Print only the lines running from the line with "Linha A Cauda" to the final line below, both included, exactly as written and without the pictures.

== Given information ==
※ ※ ※
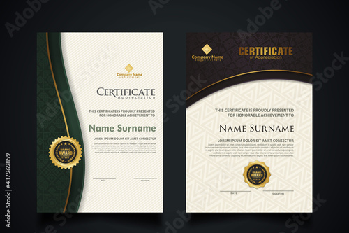 Luxury certificate template with elegant corner frame and realistic texture pattern, diploma Vector illustration
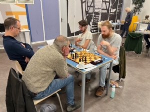 De laagste borden waren als eerste klaar. Van Guus' partij heb ik weinig meegekregen, dus ik ga er maar van uit dat dat een weinig enerverende remise was. Teun heeft over zijn Konings-Indier het volgende te zeggen: "Ik had de hele tijd een ongeveer gelijke maar iets passievere stelling, maar toen had hij een trucje waardoor hij een pion won, een grote aanval kreeg en uiteindelijk me mat zette." Een vroege achterstand die gauw teniet werd gedaan door Jet. Wat er voor mij uitzag als een theoretische discussie in een Sveshnikov leek lang gelijk op te gaan, maar hoe meer stukken er van het bord verdwenen, hoe ingewikkelder de zwarte zwakke pionnen te houden werden. In een toreneidspel viel er een, en toen nog een, waarna Zwart de handdoek in de ring gooide. 1.5-1.5 dus.
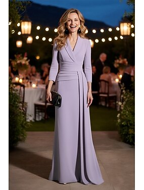 Linha A Cauda Escova Vestido formal Vestido de noite Vestido com sobressaia Vestido Para Mãe dos Noivos Manga 3/4 Decote V Colarinho de Camisa Elegante Esconder Barriga Formal Convidado do casamento
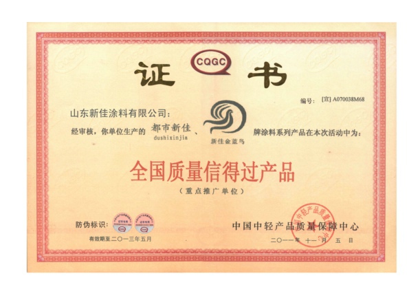 - 山东省建设工业品备案证 内墙系列
※ ※ ※
== Answer to the exercise ==
 Linha A Cauda Escova Vestido formal Vestido de noite Vestido com sobressaia Vestido Para Mãe dos Noivos Manga 3/4 Decote V Colarinho de Camisa Elegante Esconder Barriga Formal Convidado do casamento
 - 山东省建设工业品备案证 内墙系列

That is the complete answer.